Maybe we should raise a petiton
to give the ASA some actual powers, such as fining 1% of turnover for misleading ads.
That way, the most prolific lies will be those told by the marketeers when looking for new jobs.
Hosting biz GoDaddy has been slammed by a Brit advertising regulator for "misleading" punters with the lure of cheap deals. The first complaint was made regarding the outfit's advertised £2.99 per month "basic" hosting package. The monthly price was thought to be misleading by complainant Ashley Rumbold because it had to be …
Ah, but they DIDN'T say it was "monthly". They said it was "per month", and there is a rather large difference between the two.
The adverb "monthly" implies a recurring cost on a schedule of one month.
"Per" not only implies division of a large number, in strict form it is explicitly stating it. It does not, however, in an of itself imply the payment schedule. That is when when "per" anything is used, you MUST read the fine print in order to know what you are committing.
If I rent a vehicle that states the cost $100 per day, that does not mean that I have to stop in every day and give them money. Whereas a "daily charge of $100" explicitly means they they are going to charge me each day.
I'd be very pissed off if I was being charged 10x too much, yes.
But when I find the actual terms of the deal I have the right to walk away, and I would simply exercise that right and not go crying to teacher.
I don't know why Go-Daddy are singled out because a lot of old style web hosters try that old cheese.
Showing annual fees as monthly is standard and not really worth getting wound up about.
It's psychology isn't it? You see a lower number so get drawn in. Somehow the thought that it's a better deal sticks with you even after you've multiplied by 12 to get the annual fee.
A bit like those ads you see offering "all that for just <x> pence per day"...which is actually quite a tidy sum once you multiply by 365.
It's when they immediately reserve the domain you just checked for availability on their site, so you can't buy from anyone else.
Someone I know was pitching a TV programme idea to a broadcaster. The idea was apparently being debated about being picked up but the broadcaster liked and registered the .com of his company name for themselves. I told to persue them if he was bothered but he thought they might drop the prog if he did so.
Naturally, GoDaddy denied it had misled anyone: it said customers could configure their order in the cart to select the annual service term that would equate to that monthly price
That's the point your advert doesn't say anything about an annual service and that is why your advert is misleading.

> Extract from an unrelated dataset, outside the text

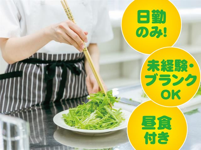 仕事内容 \1日4時間・週3日程度の勤務/ 扶養内で働けます!! 給食受託サービスを行うイートランド(株)では 前橋市荒牧町あるデイサービスにて 調理補助をして頂ける、 パートさんを募集しています! 利用者さんたちが楽しみにしている 昼食を一緒に作ってみませんか? ━━━━━━━━━━━━━━━━━ 【アピールポイント】 ≪未経験・無資格・ブランクOK≫ 資格や経験のない方でも丁寧に指導いたします! ご家庭での料理経験があれば大丈夫! 子供たちが楽しみにしている 毎日の給食を一緒に作りましょう! - ≪働き方について≫ 時間は10時~14時の実働4時間 お子様が学校に行っている間に働けます。 週3日程度の勤務可能で、 基本的に残業はありません。 扶養内勤務もOK!お気軽にお問合せください。 - ≪働く環境について≫ 少人数の職場でストレスも少なく働けます。 小さなお子さんがいらっしゃる方、 子育てがひと段落した主婦の方など 男性・女性共に活躍中です。 - ≪入社日応相談≫ 在職中の方も、面接日や入社日は 柔軟に対応させて頂きます。 お気軽にご相談ください。 ━━━━━━━━━━━━━━━━━━ 【具体的な仕事内容】 ・簡単な盛付け ・食器や調理器具の洗浄 ・食材のカットなど ※約30~40食を2名程度で調理します 難しい作業はありません。 使った食器を洗ったり、野菜の皮をむいたり 簡単なお仕事からお任せします!! ━━━━━━━━━━━━━━━━━━ 【おすすめキーワード】 管理栄養士/調理スタッフ/調理補助/日勤 経験者優遇/未経験OK/長期休暇あり 短時間勤務/週3日~/少人数の職場 残業少ない/制服あり/子育てしながら働ける 交通費支給/まかないあり/食事付き/有給あり 扶養内OK/夜勤なし/交通費全額支給/週休2日

ISP and hosting services have been getting away with misleading pricing adverts for years and it's considered acceptable. Whenever a service is advertised in big print as being at a very low price but the smaller writing says it's for a short period at the start of an annual contract it's misleading.* Otherwise why would they do it like that?
*They may be charging 10p a month for the first three months. But since the customer is committed to the contract all they are doing is redistributing the annual cost.
Symantec do a similar thing with Norton renewals. They currently offer £50 off if you renew online viz £19.99 instead of £69.99. Only if you follow the link to the T&Cs do you find the catch. You are signing up to a recurring automatic renewal at full price next year and onwards.
If it looks too good to be true - it probably isn't true.
All of a sudden this year, they started to add 20% tax on all orders from the UK, assumed I was a Ltd company rather than an individual (sole trader) and no matter how many long conversations I had with them, they refused to remove this charge: they said it was because of UK laws... so I moved my hundreds of domain names to Namecheap, who don't charge 20% tax despite being also based in the US of A.
Oh, and their server farms are killing the planet.
Example: https://www.heartinternet.uk/web-hosting shows the Starter Professional package available for £2.66 per month, plus "BILLED MONTHLY" in capital letters.
Then you click "BUY NOW" and you then find that you can't pay monthly at all. They want you to pay for a year up-front, plus £10 "set up fee".
Heart Internet was bought by a company that was then bought by...
They own so many other companies, you never know you are dealing with them.
I was very happy placing clients with a small hosting company for about 10-12 years, then it was bought by a bigger group, but still okay. Then they were bought by a much much bigger group.
And then GoDaddy bought them!
But you don't know that you are working with GoDaddy as the smaller companies still keep their old names.
In the colonies unscrupulous large companies are allowed to make absurd marketing claims until the Federal Trade Comm. receives enough complaints to investigate. Then depending on politics the criminal corporation may get a slap on the wrist after bilking consumers out of millions annually or they may just get told to discontinue one of many deceptive and often illegal practices. Large corporations consider a million dollar fine the cost of doing business when they are reaping tens of millions annually from consumer fraud.
The UK version ( UK commentards are only too familiar with this) is that a campaign is occasionally ruled illegal some time after it has already ended. And that's all. More often than not the the merest excuse is sufficient to find that "oh no they didn't mislead the public" because obviously no one would really believe that claim and anyway they had the truth on the bottom of the second page in yellow print on a pale green background".."
There are some very tightly defined adverting rules. But these don't seem to apply to business models invented later than about 1980.